DATA TO EXAMINE:
————————
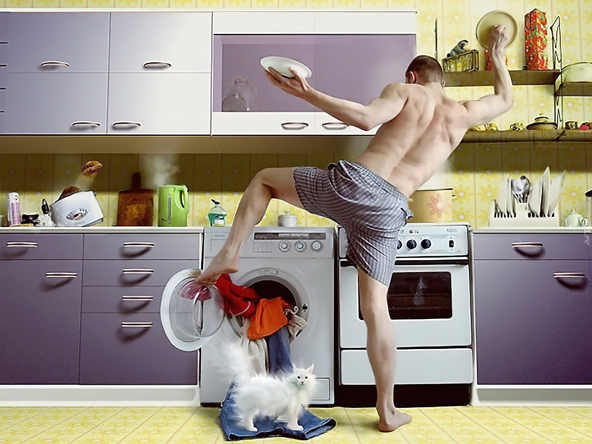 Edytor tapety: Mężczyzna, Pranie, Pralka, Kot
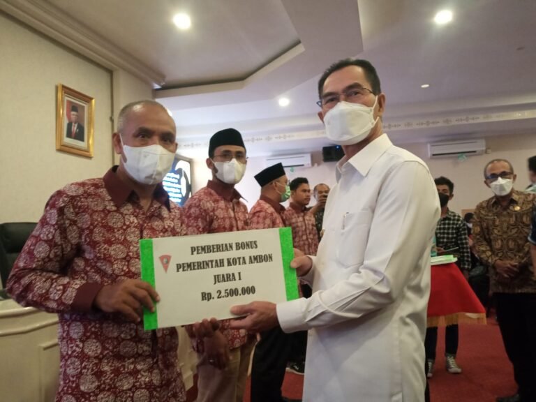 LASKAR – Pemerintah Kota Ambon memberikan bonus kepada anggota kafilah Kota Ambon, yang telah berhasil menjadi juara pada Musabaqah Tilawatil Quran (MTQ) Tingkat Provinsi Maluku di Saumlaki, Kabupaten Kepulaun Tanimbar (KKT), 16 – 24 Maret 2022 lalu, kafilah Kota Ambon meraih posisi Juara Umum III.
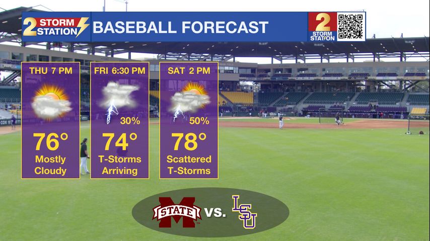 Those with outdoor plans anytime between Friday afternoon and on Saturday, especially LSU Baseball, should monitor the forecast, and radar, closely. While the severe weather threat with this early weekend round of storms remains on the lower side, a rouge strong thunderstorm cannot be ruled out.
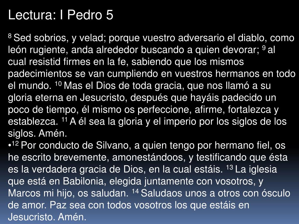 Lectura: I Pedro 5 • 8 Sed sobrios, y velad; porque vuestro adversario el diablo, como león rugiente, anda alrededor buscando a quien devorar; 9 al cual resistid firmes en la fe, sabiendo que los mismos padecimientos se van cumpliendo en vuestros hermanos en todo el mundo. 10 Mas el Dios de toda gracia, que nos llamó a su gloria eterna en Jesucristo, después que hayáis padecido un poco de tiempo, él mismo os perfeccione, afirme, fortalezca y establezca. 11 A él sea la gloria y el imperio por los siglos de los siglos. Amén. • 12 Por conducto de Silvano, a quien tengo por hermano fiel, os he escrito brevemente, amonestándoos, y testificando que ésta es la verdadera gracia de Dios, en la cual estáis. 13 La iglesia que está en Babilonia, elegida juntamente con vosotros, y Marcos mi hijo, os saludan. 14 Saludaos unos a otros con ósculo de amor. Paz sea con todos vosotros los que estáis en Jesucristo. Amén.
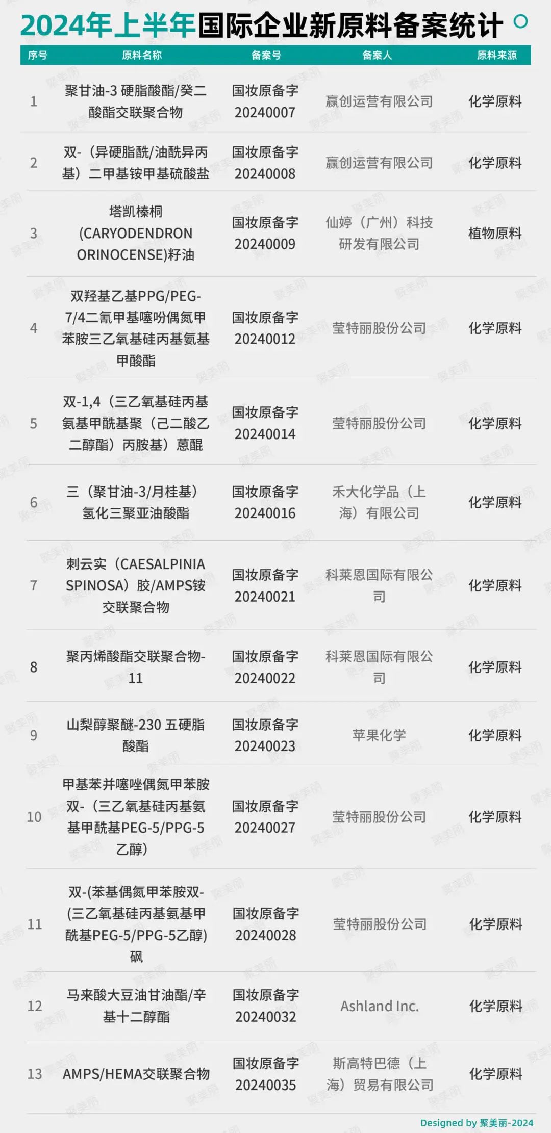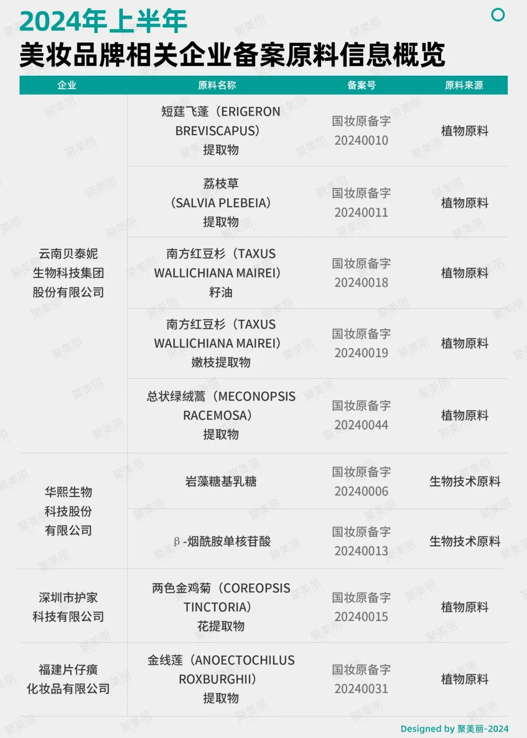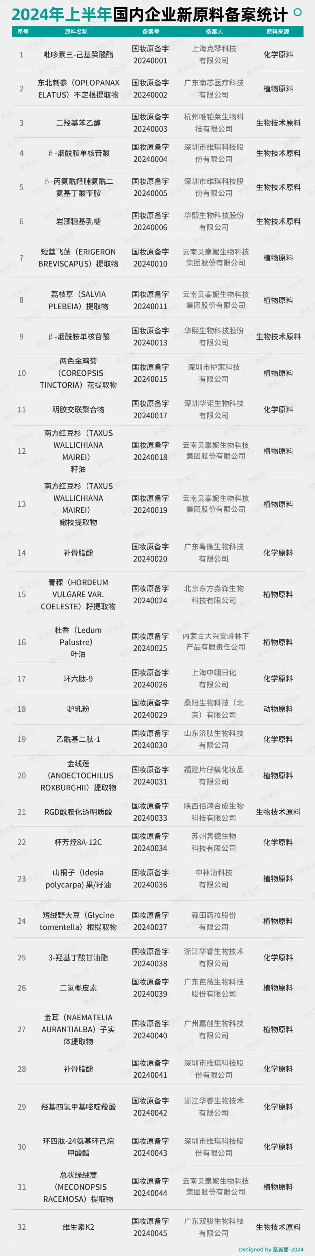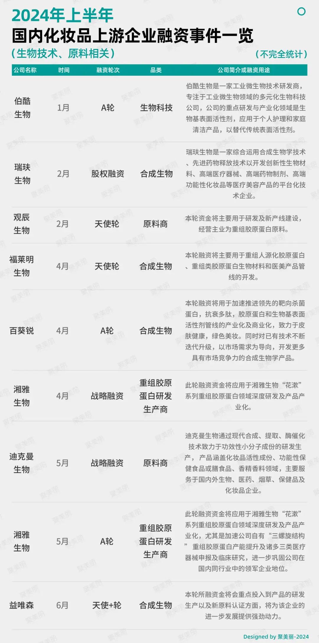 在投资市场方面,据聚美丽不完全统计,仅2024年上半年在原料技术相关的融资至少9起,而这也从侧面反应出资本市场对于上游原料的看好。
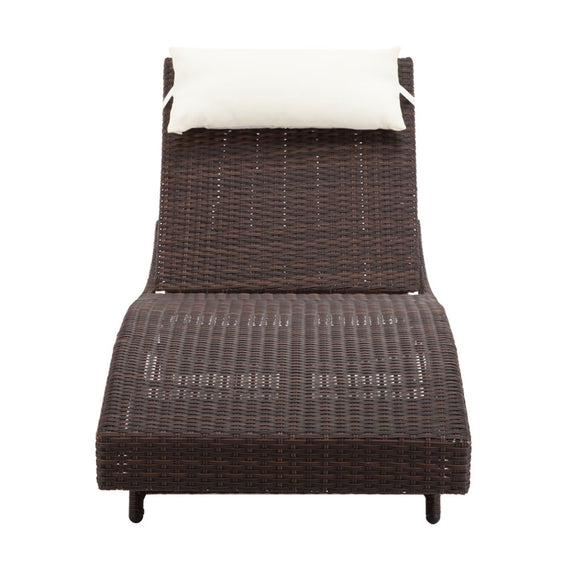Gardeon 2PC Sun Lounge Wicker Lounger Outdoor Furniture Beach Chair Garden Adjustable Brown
————————
EXERCISE DIRECTIONS:
Return every entry above word for word, leaving pictures out.

RESULT:
 Edytor tapety: Mężczyzna, Pranie, Pralka, Kot
 LASKAR – Pemerintah Kota Ambon memberikan bonus kepada anggota kafilah Kota Ambon, yang telah berhasil menjadi juara pada Musabaqah Tilawatil Quran (MTQ) Tingkat Provinsi Maluku di Saumlaki, Kabupaten Kepulaun Tanimbar (KKT), 16 – 24 Maret 2022 lalu, kafilah Kota Ambon meraih posisi Juara Umum III.
 Those with outdoor plans anytime between Friday afternoon and on Saturday, especially LSU Baseball, should monitor the forecast, and radar, closely. While the severe weather threat with this early weekend round of storms remains on the lower side, a rouge strong thunderstorm cannot be ruled out.
 Lectura: I Pedro 5 • 8 Sed sobrios, y velad; porque vuestro adversario el diablo, como león rugiente, anda alrededor buscando a quien devorar; 9 al cual resistid firmes en la fe, sabiendo que los mismos padecimientos se van cumpliendo en vuestros hermanos en todo el mundo. 10 Mas el Dios de toda gracia, que nos llamó a su gloria eterna en Jesucristo, después que hayáis padecido un poco de tiempo, él mismo os perfeccione, afirme, fortalezca y establezca. 11 A él sea la gloria y el imperio por los siglos de los siglos. Amén. • 12 Por conducto de Silvano, a quien tengo por hermano fiel, os he escrito brevemente, amonestándoos, y testificando que ésta es la verdadera gracia de Dios, en la cual estáis. 13 La iglesia que está en Babilonia, elegida juntamente con vosotros, y Marcos mi hijo, os saludan. 14 Saludaos unos a otros con ósculo de amor. Paz sea con todos vosotros los que estáis en Jesucristo. Amén.
 在投资市场方面,据聚美丽不完全统计,仅2024年上半年在原料技术相关的融资至少9起,而这也从侧面反应出资本市场对于上游原料的看好。
Gardeon 2PC Sun Lounge Wicker Lounger Outdoor Furniture Beach Chair Garden Adjustable Brown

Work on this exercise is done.